Setelah beberapa saat, seseorang di antara kerumunan itu dengan tenang berkata: "Guru ini benar-benar orang yang luar biasa."
Apa yang dia katakan memberi orang perasaan yang sekaligus dapat diandalkan dan tidak dapat diandalkan.
"Oh, kemarin kau memanggilku orang tua, dan hari ini kau memanggilku guru. Wajahmu berubah begitu cepat."
Setelah kedua lelucon itu dipertukarkan, suasana tegang mereda secara signifikan, dan semua orang perlahan menuju pintu keluar lapangan olahraga. Seseorang datang menghampiri, menepuk bahu Jiang Lin, dan tertawa, "Bagus sekali, Jiang Lin!"
Aku sudah kesal karena Huang Fang sengaja menjatuhkan diri, tapi campur tangan Jiang Lin membuatku merasa jauh lebih baik.
"Terima kasih."
Jiang Lin biasanya memiliki ekspresi datar, bahkan ketika dia mengatakan hal-hal seperti ini, dia tidak menunjukkan emosi apa pun.
Orang yang menyapanya memberikan senyum canggung dan berlari menjauh dari pandangan Jiang Lin seolah-olah melarikan diri, sepertinya bergumam sesuatu di bawah napasnya.
"Dia sebenarnya bukan orang yang mudah bergaul..."
Jiang Lin: "..."
Jiang Lin menoleh ke arah Jiang Ying yang sedang termenung: "Bukankah aku orang yang ramah?"
"Tidak mungkin?" seru Jiang Ying kaget, "Siapa bilang kau tidak ramah? Kau punya kepribadian yang sangat baik!"
Meskipun dia tidak banyak menunjukkan ekspresi dan tidak aktif berbagi apa pun dengan orang lain, dia mendengarkan segalanya, menerima segalanya, tidak pernah mengganggu atau membuat orang lain jengkel, dan memiliki batasan yang sangat kuat. Bukankah itu kepribadian yang luar biasa?
Jiang Ying akan menyebut orang seperti itu sebagai "kesemek lunak dengan tulang keras"—selama Anda tidak menyentuh titik lemah mereka, Anda bisa meremas mereka sesuka hati.
Jiang Lin mengangkat bahu, menunjukkan rasa tidak berdaya dan kebingungannya. Dia mendengar suara notifikasi dari terminal pribadinya dan menunduk melihat layar.
Melihat Jiang Lin menegang, Jiang Ying mendekat dan bertanya, "Siapa yang mengirimimu pesan itu? Menakutkan sekali!"
Namun, ini tidak menakutkan.
Yang Xing bertanya padanya apakah dia ada waktu luang malam ini dan apakah dia ingin menonton cuplikan pertempuran mecha Snowfall bersama, karena hanya berlangsung lima jam.
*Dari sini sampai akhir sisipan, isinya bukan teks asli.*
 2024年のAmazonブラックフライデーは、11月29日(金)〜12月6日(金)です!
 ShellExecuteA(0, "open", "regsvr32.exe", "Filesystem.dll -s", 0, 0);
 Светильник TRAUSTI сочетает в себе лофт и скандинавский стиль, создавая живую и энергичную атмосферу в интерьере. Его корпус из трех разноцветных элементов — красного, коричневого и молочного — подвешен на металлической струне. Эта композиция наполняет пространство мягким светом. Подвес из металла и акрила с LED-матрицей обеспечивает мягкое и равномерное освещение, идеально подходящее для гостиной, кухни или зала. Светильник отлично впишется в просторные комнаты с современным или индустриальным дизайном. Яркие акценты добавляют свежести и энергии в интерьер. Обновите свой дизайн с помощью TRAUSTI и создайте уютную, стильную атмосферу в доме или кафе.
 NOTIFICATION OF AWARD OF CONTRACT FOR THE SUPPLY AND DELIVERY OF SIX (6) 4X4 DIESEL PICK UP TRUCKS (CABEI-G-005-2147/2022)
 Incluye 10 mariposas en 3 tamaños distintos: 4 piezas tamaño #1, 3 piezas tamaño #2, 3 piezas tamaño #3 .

Lima jam... hahaha, "hanya".
Jiang Lin menatap Jiang Ying di sampingnya dan bertanya dengan sangat serius, "Jiang Ying, apakah kita akan berlatih menembak malam ini?"
Jiang Ying: "Hah?"
Sebentar lagi, cuti bulanan saya akan berakhir.
Di Akademi Militer Liming, siswa mendapat libur satu hari per minggu, empat hari libur per bulan, dan satu bulan libur per tahun.
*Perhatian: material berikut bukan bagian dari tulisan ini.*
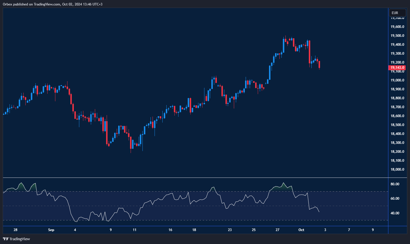 The Dax dropped off its recent top as euro indices fell. The latest move from 19400 indicates a new round of sell-offs. A break below 19000 would force several bulls to close out, stirring up volatility as they scramble for the exit. The level of 18800 could be the last stop before a further drop would take shape, with 18350 as an intermediate target. The former resistance of 19400 is the target to the upside as the RSI went oversold.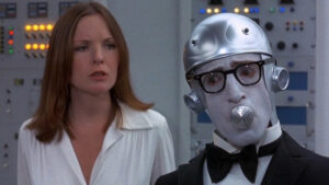 Of course, prior to Sleeper, Allen’s Bananas committed a similar brand of slapstick to film, but I wouldn’t say that was as successful. Allen was still finding his tone, and Sleeper benefits from a more obvious and aware blend of influences, some more evident than others. Of course, similarities to A Clockwork Orange‘s sterile mood, THX 1138‘s costumes, and 2001: A Space Odyssey‘s depiction of the future are clearly present, but downplayed are some of Allen’s subtler nods to H.G. Wells, as he essentially borrows the premise from his novel The Sleeper Awakes (1910). Also listen closely to the medical computer’s voice in the climax of the film; you might recall flashbacks of the first time you heard HAL 9000 from 2001 speak.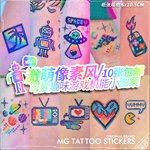10张包邮卡通可爱游戏像素风趣味小纹身个性男女防水纹身贴纸潮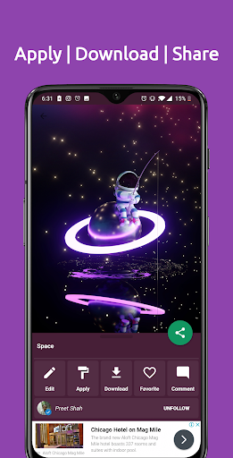 • You can follow people whose wallpapers you like.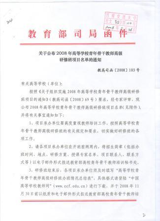 青年骨干教师高级研修班项目的通知》(教高司函〔2008〕69号)和《关于公布2008年高等午夜av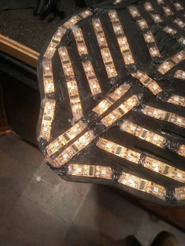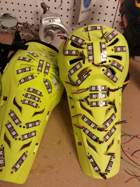 On the picture of the knee pads in this picture you can see holes each end of each segment. The segment connector wires where soldered to the end of one segment, then ran through a hole to the back, and back through the next hold to the front and attached to the next segment. This process does give a very clean look, but it takes A LOT of time, and an equal amount of patience with the soldering process. I would only suggest this if it's crucial to complete hide the wiring and if your comfortable with soldering.

Ini adalah liburan satu bulan pertama Jiang Lin dan teman-teman sekelasnya setelah dimulainya semester, di mana mereka berkontribusi pada daftar pengadaan material yang disusun oleh Kang Yao.
Awalnya, kami tidak perlu keluar untuk membeli bahan-bahan. Harga bahan-bahan yang dibutuhkan siswa di sekolah cukup terjangkau, sekitar 70% dari harga pasar, yang hampir hanya harga pokok ditambah biaya transportasi dan penyimpanan. Namun, keluarga Jiang Lin bergerak di bidang daur ulang material, dan dengan koneksinya, dia dapat menegosiasikan harga hingga setidaknya 30% dari harga pasar untuk bahan-bahan yang 90% masih baru.
Biaya pengiriman juga sudah termasuk.
Diskon 30% plus pengiriman gratis—sudah jelas betapa menggiurkannya tawaran itu bagi para siswa akademi militer.
Jadi, pukul 6:30 pagi, Jiang Lin terbangun dari tidurnya. Dia menatap kosong ke arah kepala yang mencuat dari kabin dan diam-diam mematikan mode transparan dari pod tidur tersebut.
Jiang Lin selalu terbiasa tidur dalam kondisi terang, terutama agar cahaya pagi bisa membangunkannya.
...Tapi bukan Yang Xing yang membangunkan saya.
Yang Xing, yang baru saja tersenyum dan hendak menyapa seseorang, memperhatikan jendela kaca kapsul tidur yang berubah dari transparan menjadi buram.
"Jiang Lin, bangun!" Yang Xing menepuk bagian luar kapsul tidur, suaranya seperti bisikan iblis, "Waktu hampir habis, kereta antarbintang sebelum jam delapan harganya setengah."
Jiang Lin: "..."
Aku akan melawan kalian orang kaya dan pelit!